▸ Work required
For this exercise, return exactly the lines of the material below that begin at the one with "登降園時に自分の笹飾りをお家" and stop after the one with "為深入學(xué)習(xí)".

▸ Supplied records
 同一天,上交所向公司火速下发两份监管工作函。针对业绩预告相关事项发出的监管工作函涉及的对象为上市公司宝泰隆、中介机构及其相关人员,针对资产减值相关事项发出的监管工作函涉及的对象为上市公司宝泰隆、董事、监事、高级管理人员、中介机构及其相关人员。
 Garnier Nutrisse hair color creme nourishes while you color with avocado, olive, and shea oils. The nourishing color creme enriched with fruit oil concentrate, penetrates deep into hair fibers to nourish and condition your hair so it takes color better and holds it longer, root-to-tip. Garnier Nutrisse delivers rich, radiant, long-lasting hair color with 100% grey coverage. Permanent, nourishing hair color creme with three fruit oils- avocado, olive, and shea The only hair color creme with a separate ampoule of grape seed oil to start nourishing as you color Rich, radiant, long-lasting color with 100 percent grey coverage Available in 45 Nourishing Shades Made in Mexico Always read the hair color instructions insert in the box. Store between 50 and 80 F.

--

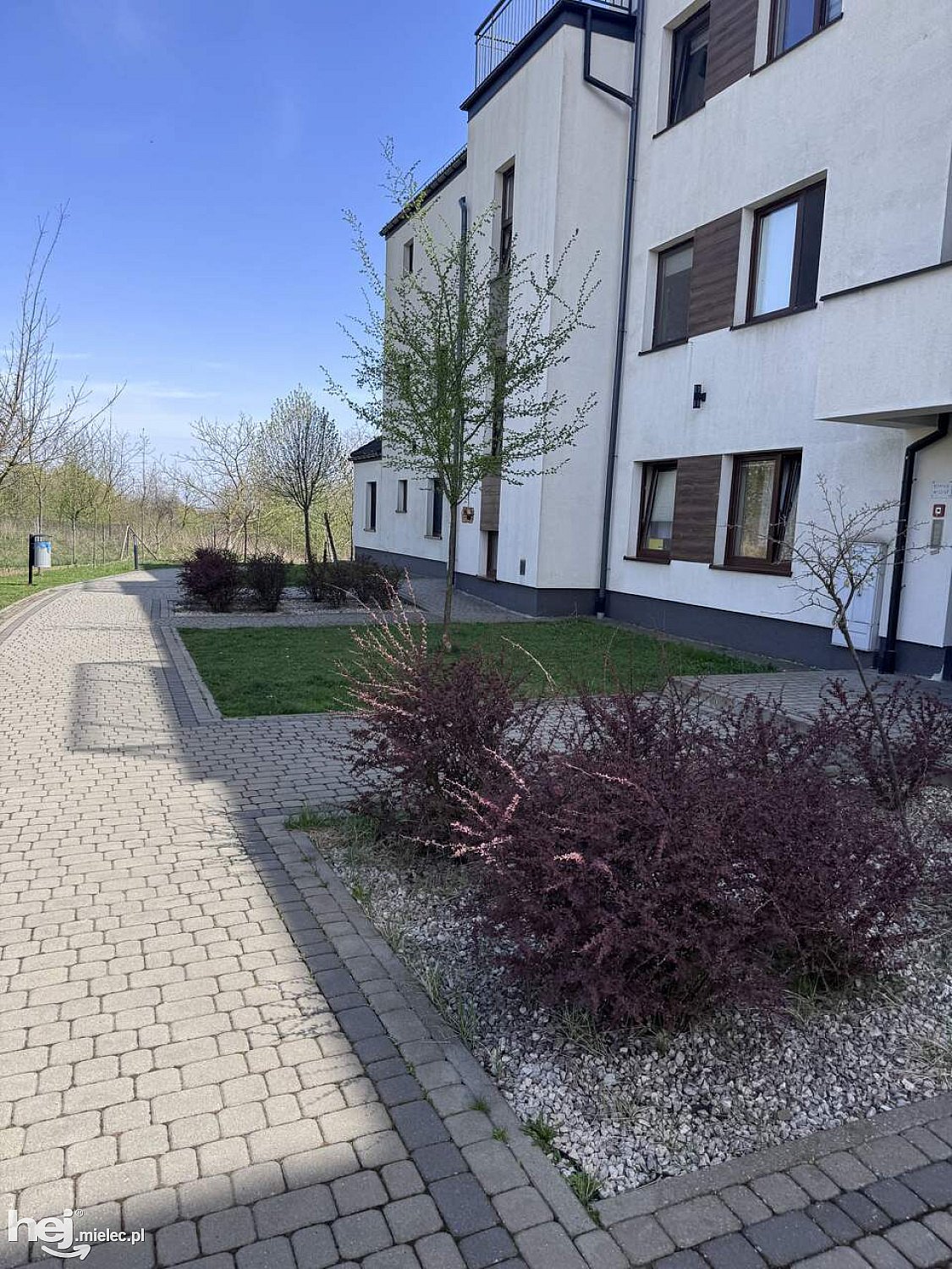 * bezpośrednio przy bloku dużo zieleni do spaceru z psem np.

...

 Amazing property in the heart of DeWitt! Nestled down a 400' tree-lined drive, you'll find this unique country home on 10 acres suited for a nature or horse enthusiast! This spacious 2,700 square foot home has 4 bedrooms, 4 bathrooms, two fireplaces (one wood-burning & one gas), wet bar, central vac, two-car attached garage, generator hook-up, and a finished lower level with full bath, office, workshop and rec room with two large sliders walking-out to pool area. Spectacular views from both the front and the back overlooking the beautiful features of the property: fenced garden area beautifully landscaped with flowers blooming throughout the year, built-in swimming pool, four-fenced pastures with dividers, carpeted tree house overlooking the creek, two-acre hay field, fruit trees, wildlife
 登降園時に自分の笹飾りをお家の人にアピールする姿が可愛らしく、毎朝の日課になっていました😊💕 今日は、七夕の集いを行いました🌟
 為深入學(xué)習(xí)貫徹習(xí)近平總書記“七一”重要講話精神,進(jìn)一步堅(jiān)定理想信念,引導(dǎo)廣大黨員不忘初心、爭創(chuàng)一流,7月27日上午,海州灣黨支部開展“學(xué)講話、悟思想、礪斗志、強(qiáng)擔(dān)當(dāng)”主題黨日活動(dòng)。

▸ Solution for this problem
 登降園時に自分の笹飾りをお家の人にアピールする姿が可愛らしく、毎朝の日課になっていました😊💕 今日は、七夕の集いを行いました🌟
 為深入學(xué)習(xí)貫徹習(xí)近平總書記“七一”重要講話精神,進(jìn)一步堅(jiān)定理想信念,引導(dǎo)廣大黨員不忘初心、爭創(chuàng)一流,7月27日上午,海州灣黨支部開展“學(xué)講話、悟思想、礪斗志、強(qiáng)擔(dān)當(dāng)”主題黨日活動(dòng)。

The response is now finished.